BUNUN ARKASINDA BİR DEVLET POLİTİKASI VARDIR

Emekli Koramiral Kıyat, yargılanan sanıkların suçlu bulunması halinde cinayetleri kendi başlarına işleyeceklerine inanmadığını belirterek şunları söyledi: "Eğer böyle bir şey varsa bunun arkasında bir devlet politikası vardır. 11 yıllık televizyon yorumcusuyum. Okuyup izlediklerimle eğer bir ülkede binlerce faili meçhul varsa arkasında devlet politikası olmadan olmaz. Bu benim şahsi görüşümdür.
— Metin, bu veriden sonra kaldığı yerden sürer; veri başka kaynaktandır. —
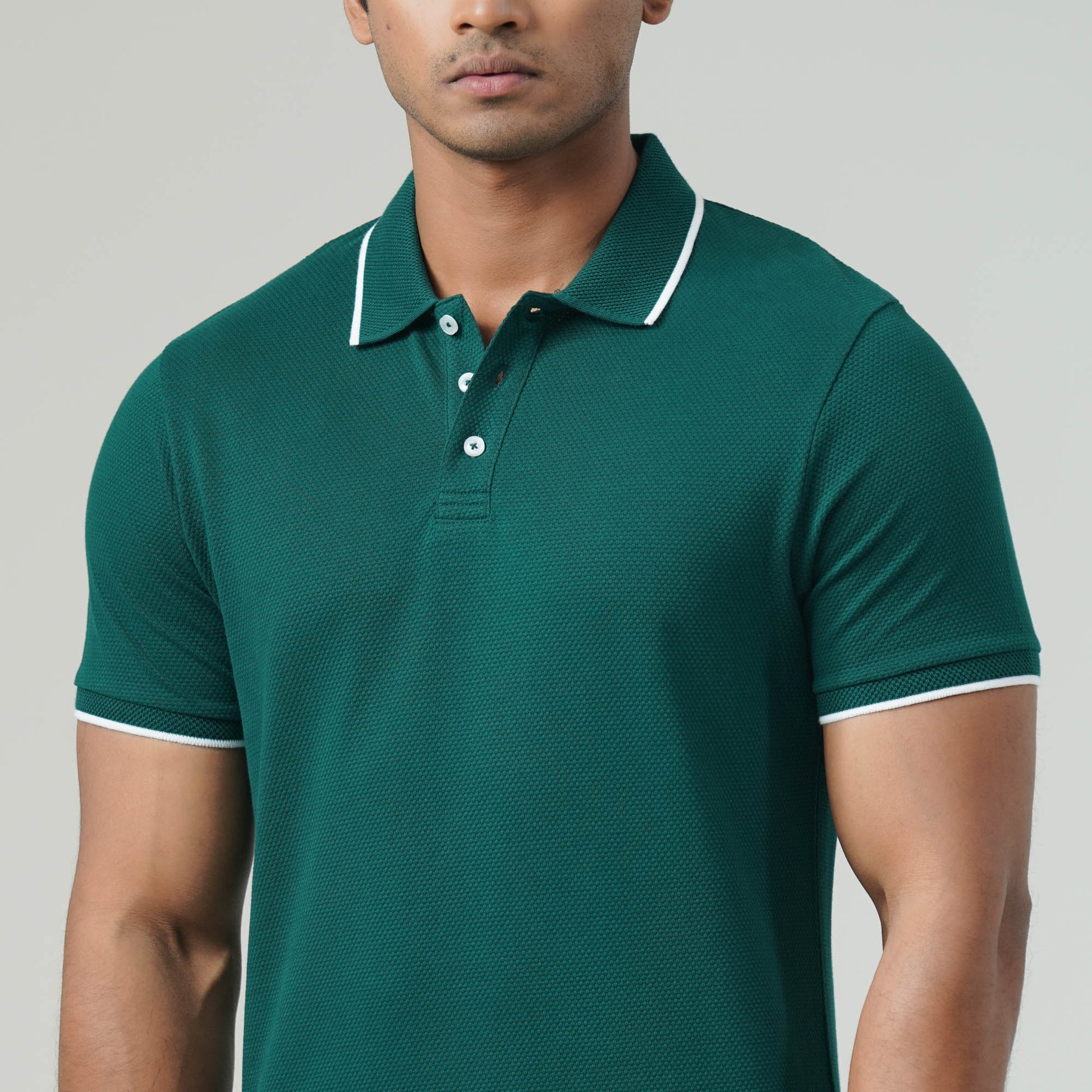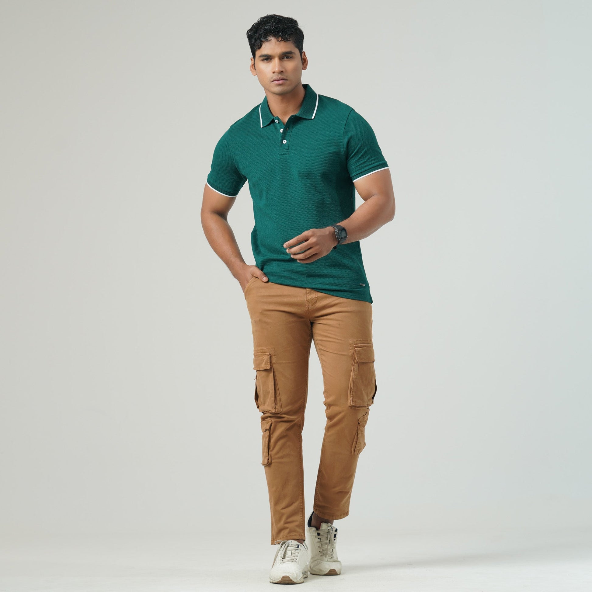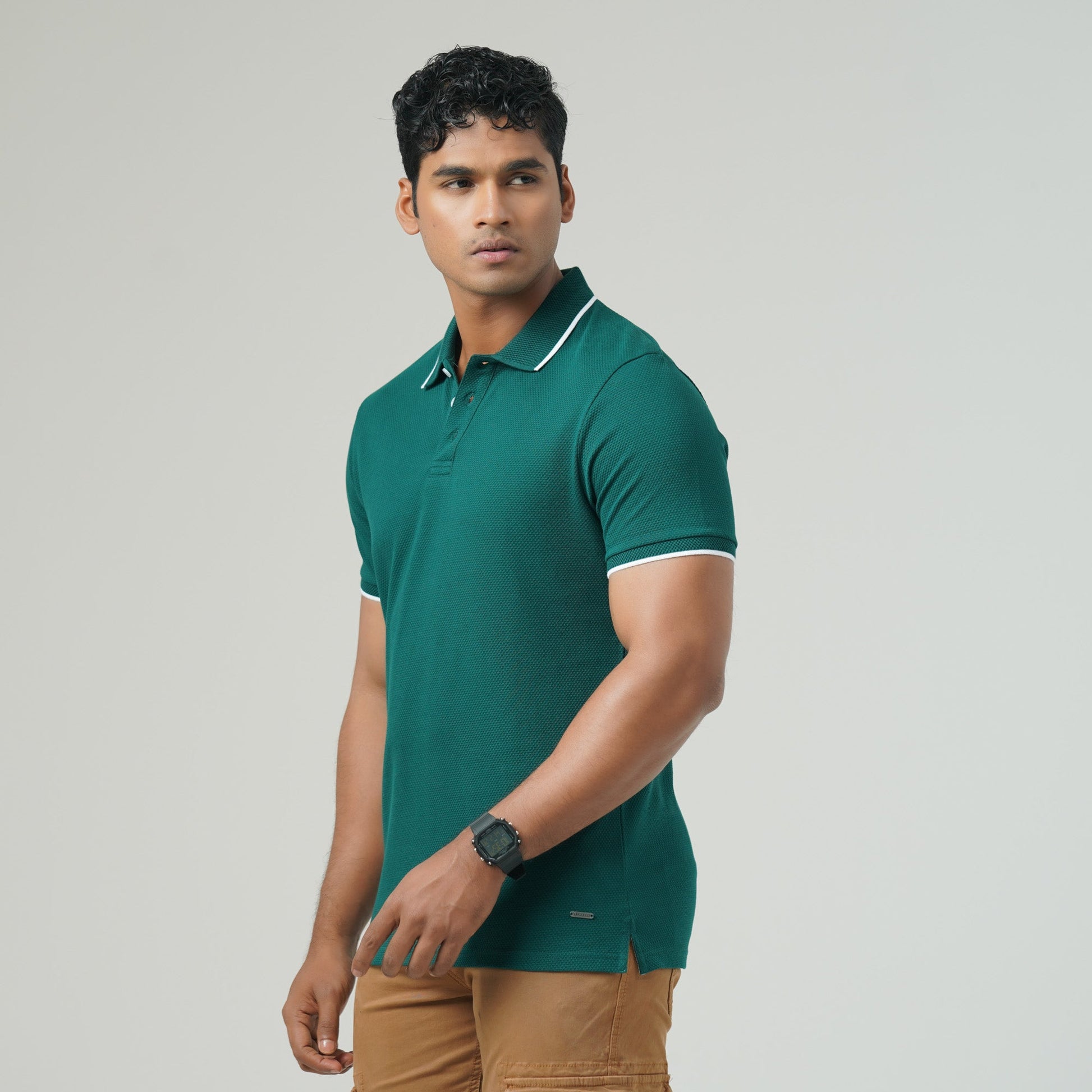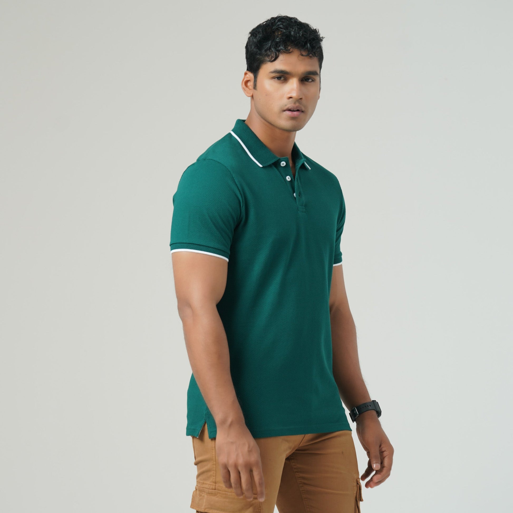 This men’s slim-fit polo shirt is crafted from premium cotton bubble knit fabric for a sophisticated look and breathable comfort. Designed with a jacquard collar and a sleek metal badge at the bottom, it adds a refined touch to your casual wardrobe. With a durable 220 GSM fabric weight, this polo is perfect for both casual and semi-formal occasions.

Böyle bir fiil işlenmişse terörle mücadele kapsamında Güneydoğu'da görev yapan arkadaşlarımın bu emri uygulamaya mecbur kalabileceklerini düşünüyorum. Bu sanıklar beraat etse bile böyle bir devlet politikası yoktur demeyeceğim. Burada binlerce öldürülme olayından bahsediyorum. 1990-2000 yılları arasında yaşananlar devlet politikası değilse açıklasınlar, eğer devlet politikasıysa nasıl rahat bir şekilde uyuyorlar. Yaşananlar, birbirinden nefret eden bir neslin doğmasına neden oldu. Bu benim şahsi görüşüm."

HER HANGİ BİRİNİN İŞİ DEĞİL BUNLAR

Türk Silahlı Kuvvetleri'nde herhangi bir Yüzbaşı veya Teğmen'in "Bu terörü ben kuruturum. Sorunu çözerim" diye düşünüp bir birim kurabileceğini düşünmediğini belirten Kıyat, "Devlet içinde yanlış politika yapan olursa tabi ki devlet onu bu mahkemede yargılayacaktır" diye konuştu.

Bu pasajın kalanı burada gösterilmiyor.